→ **GIVEN INFORMATION**
+ + +
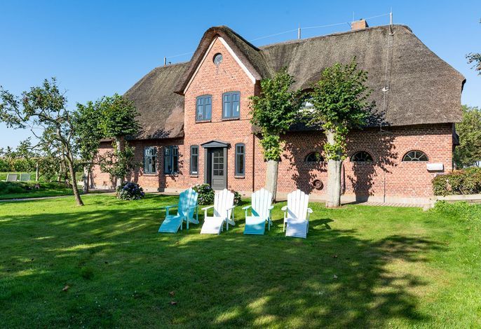 Der reetgedeckte Ferienhausteil Seeadler verfügt über 4 Schlafzimmer, 4 Bäder und 1 Gäste-WC und bietet somit komfortabel Platz für bis zu 8 Personen zuzüglich einer Kleinkinderaufbettung. Auch ein Hund ist hier herzlich willkommen.
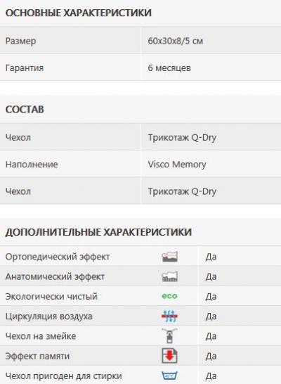 | Наполнение | Visco Memory |
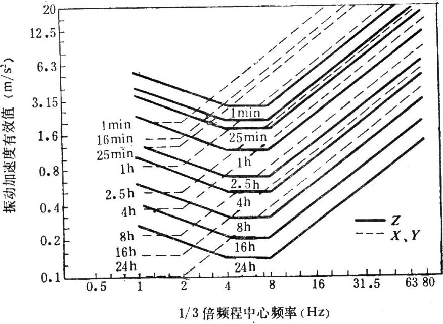 该标准根据加速度有效值(0.1~20m/s2)、振动频率(1/3倍频程的中心频率,1~80 Hz)、振动方向(Z轴向,X、Y轴向)、接触振动持续时间(1分钟到24小时)这四个振动参数制定了全身振动评价的界限曲线,并依据参数之间的关系来评价全身振动对人体的影响。
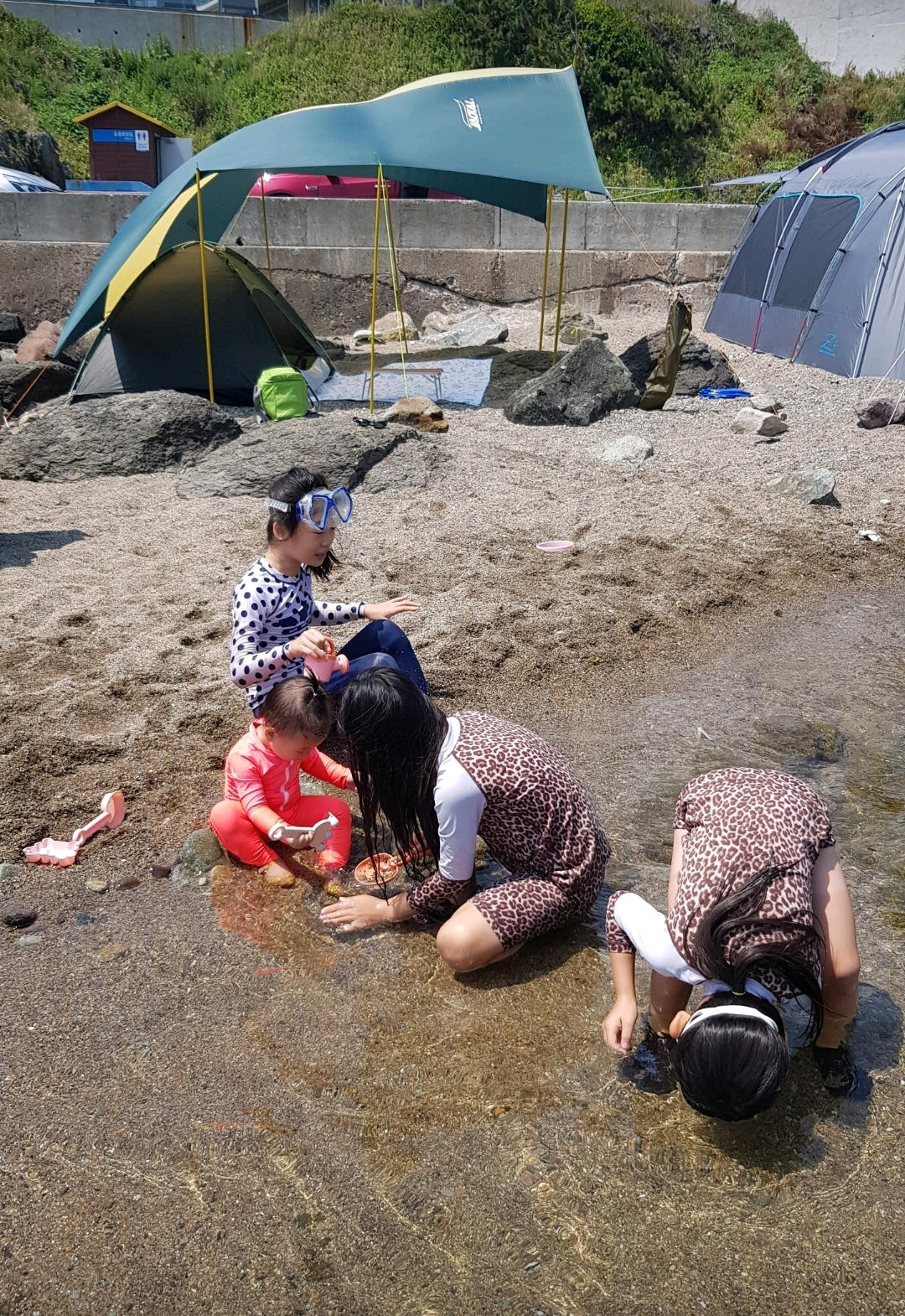 언니들 없이 급하게 준비한 물놀이는 어린아이에게 빠질 수 없는 물 놀이터였다.
+ + +
Set down word for word each line from the one containing "Visco Memory |" through the end of the material, and keep the pictures out of it.

→ **ANSWER FOR THE TASK**
 | Наполнение | Visco Memory |
 该标准根据加速度有效值(0.1~20m/s2)、振动频率(1/3倍频程的中心频率,1~80 Hz)、振动方向(Z轴向,X、Y轴向)、接触振动持续时间(1分钟到24小时)这四个振动参数制定了全身振动评价的界限曲线,并依据参数之间的关系来评价全身振动对人体的影响。
 언니들 없이 급하게 준비한 물놀이는 어린아이에게 빠질 수 없는 물 놀이터였다.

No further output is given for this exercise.